As Slx5p‐Slx8p is responsible for the turnover of SUMOylated proteins by promoting their ubiquitination,25, 39 and the degradation of Zip1p and Ecm11p was delayed in slx8Δ cells (Figure 3C–F), we speculated that Slx8p might promote the degradation of Zip1p and Ecm11p to promote meiotic progression. To test this possibility, we directly depleted Zip1p and Ecm11p proteins in slx8Δ cells via an auxin‐induced degradation (AID) system.41, 42 The AID system relies on an auxin‐induced interaction between the indole‐3‐acetic acid (IAA) family transcription factors and the F‐box protein TIR1, which results in the ubiquitination of AID‐fused proteins and their subsequent degradation by the proteasome.42 An AID‐tag was added (knocked‐in) to the C‐terminus of ECM11 and ZIP1 in both alleles of the WT and slx8Δ strains. The AID‐tag did not affect the meiotic progression of WT strains (Figure 6 E,F), suggesting that the tag did not influence the function of these proteins.

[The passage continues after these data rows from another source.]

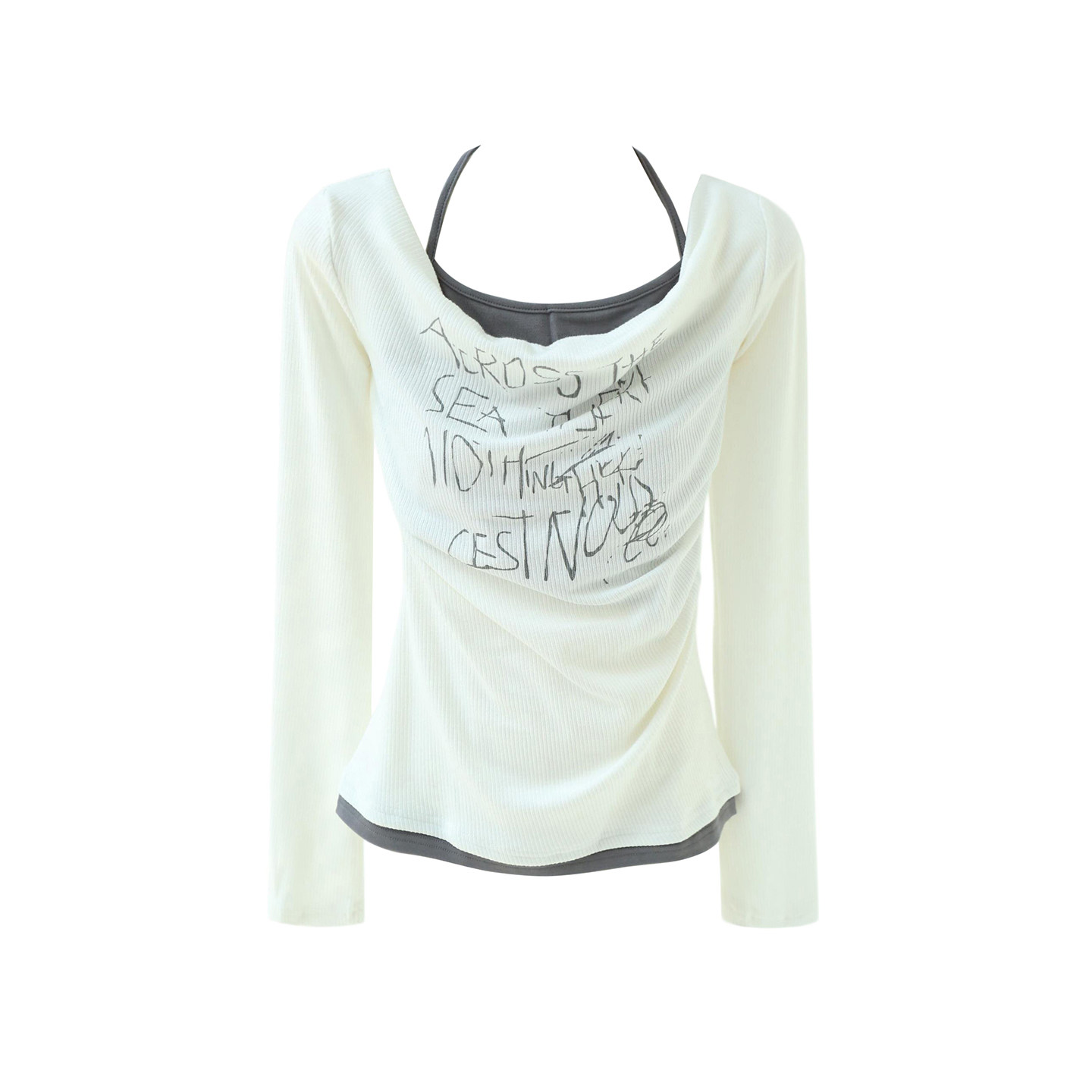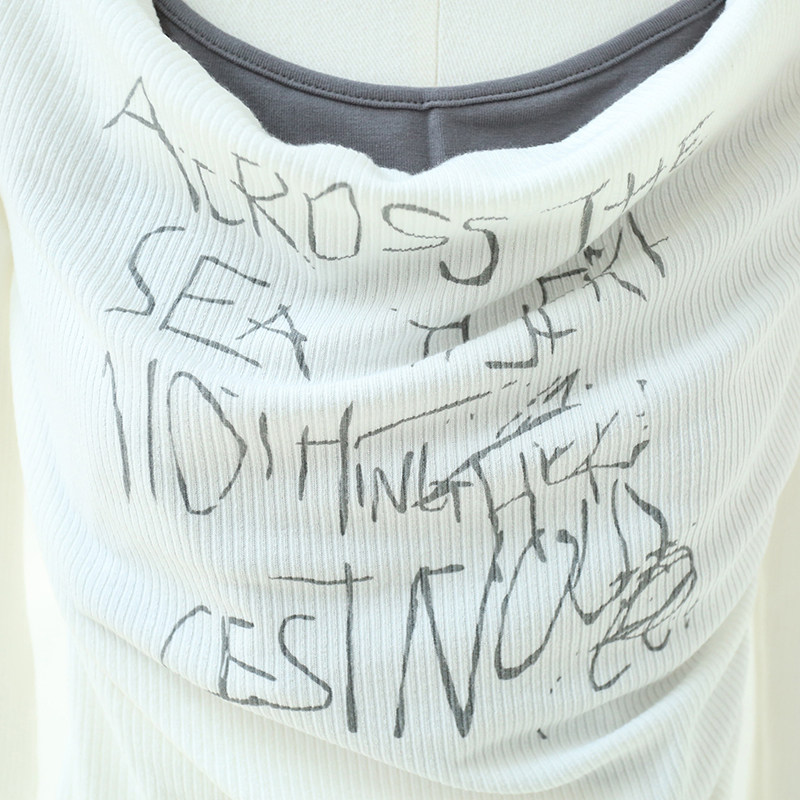 复古辣妹假两件字母印花挂脖荡领长袖 拾野森 美式 新款 上衣 春装
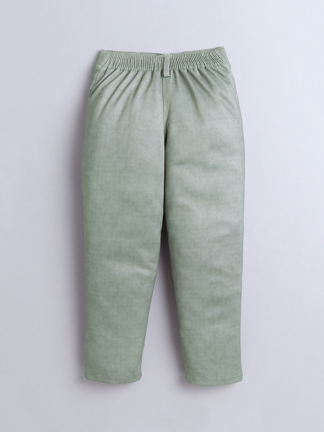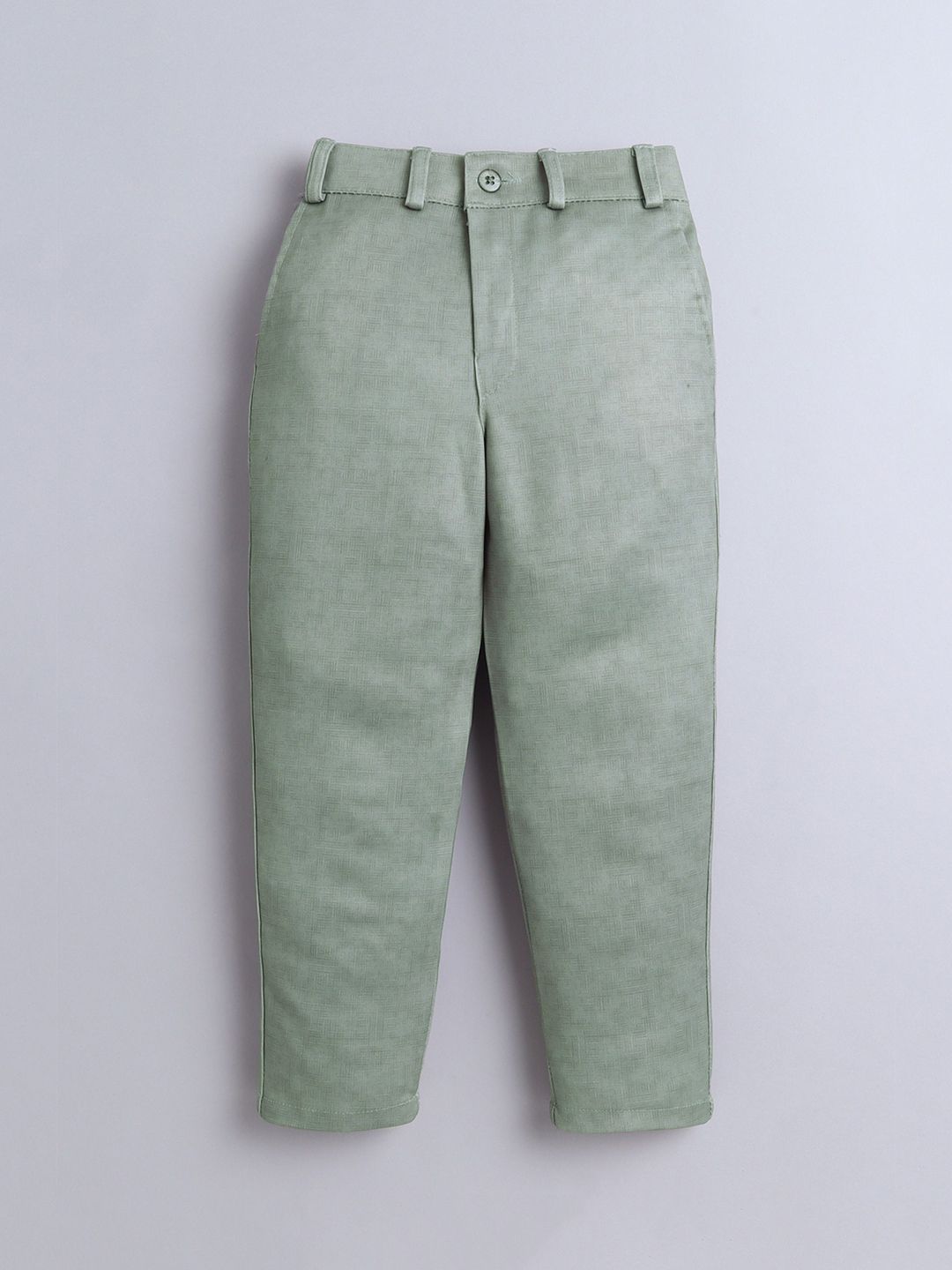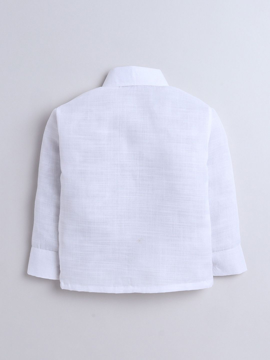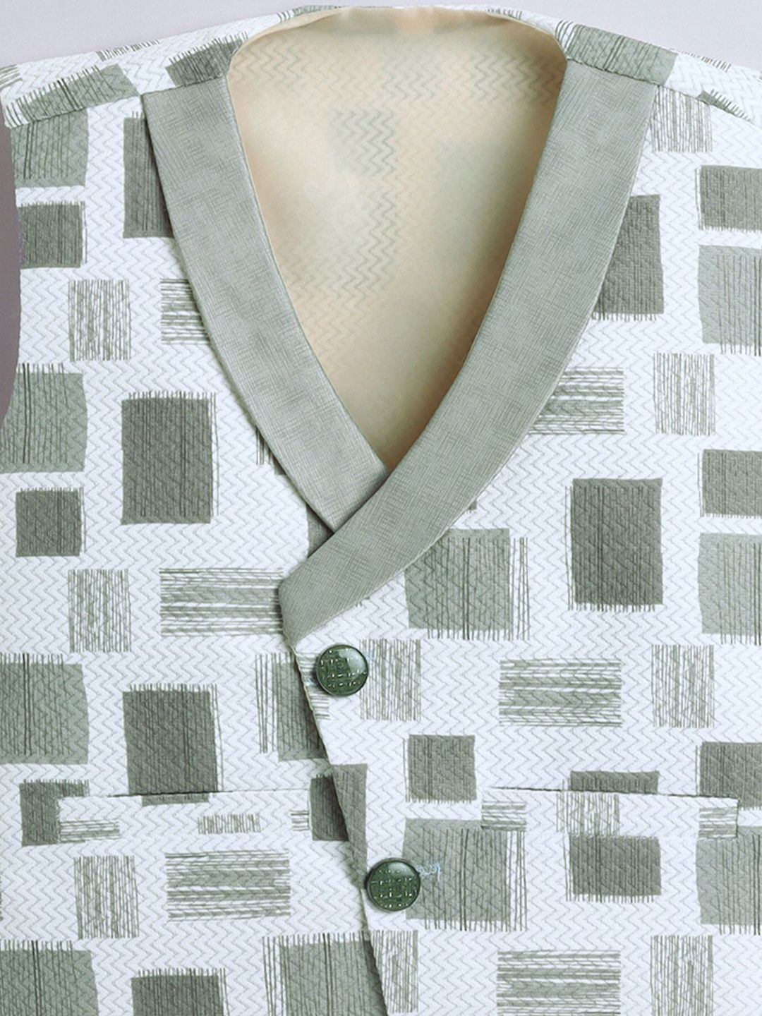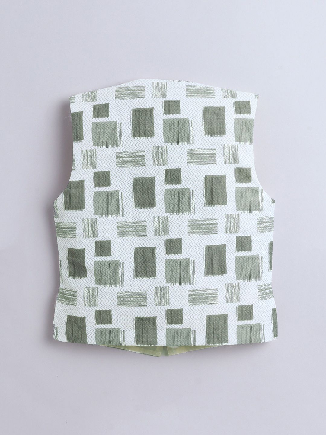 White and green printed regular-fit 3-piece suitWhite and green printed regular-fit waistcoat, has a shawl collar neck, button closures on the front, and two pocketsWhite solid shirt, has a shirt collar, a full button placket, and long sleevesGreen solid trousers, button closure, zip fly and two pocketsComes with a bow tie
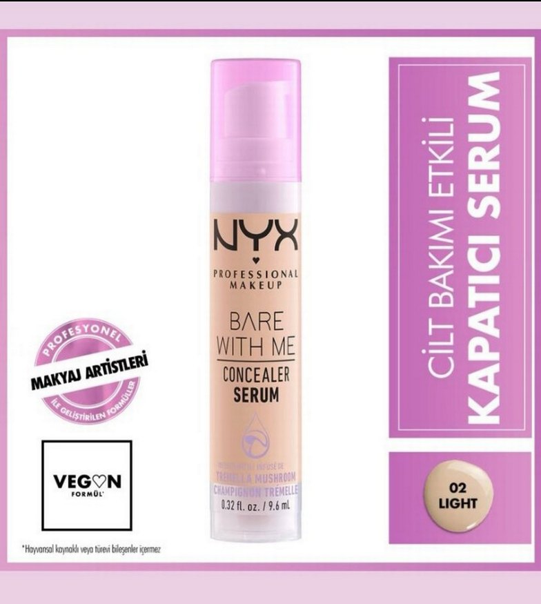 NYX Profesyonel Makyaj kapatıcı serumu, 02 Light pastel bej tonunda cilt bakım etkisi sunar. Vegan formüllü, mantar özü içerir.
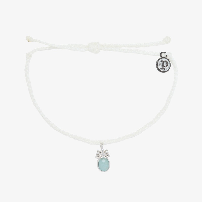 Get out-of-office vibes with our Tropical Breeze Bracelet. Available in rose gold with an opal glass stone this bitty braid style features a dangling pineapple-inspired charm, filled with a 100% genuine gemstone thats just as unique as you are!
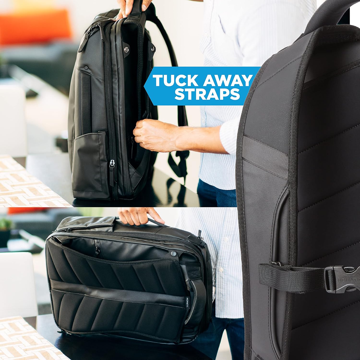 When you’re not carrying it, simply tuck away the straps for easy storage. Need extra space? The expandable capacity of the pack allows for additional storage options. With its ergonomic design, the Nomatic Travel Pack is the perfect companion for your adventures.
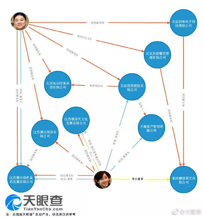 2015年,刘强东通过“北京因味电子科技有限公司”和“北京东钦餐饮管理有限公司”对重庆嫩绿茶艺有限公司间接持股,章泽天出任嫩绿茶艺董事一职。

Once IAA was added to the medium, both Ecm11p and Zip1p were degraded in slx8Δ cells (Figure 6A–D). After establishing this system, we next monitored the effect of induced degradation of Ecm11p and Zip1p on sporulation, finding that only the degradation of Ecm11p could partially rescue the sporulation defect of slx8Δ cells (Figure 6E,F). In addition, the chromosome missegregation defect and the spore viability of slx8Δ cells were all rescued to some extent (Figure 6G,H). These results suggest that Ecm11p is the key substrate of Slx8p, and Slx8p might add ubiquitin to SUMOylated Ecm11p to promote its degradation, thus facilitating meiotic progression.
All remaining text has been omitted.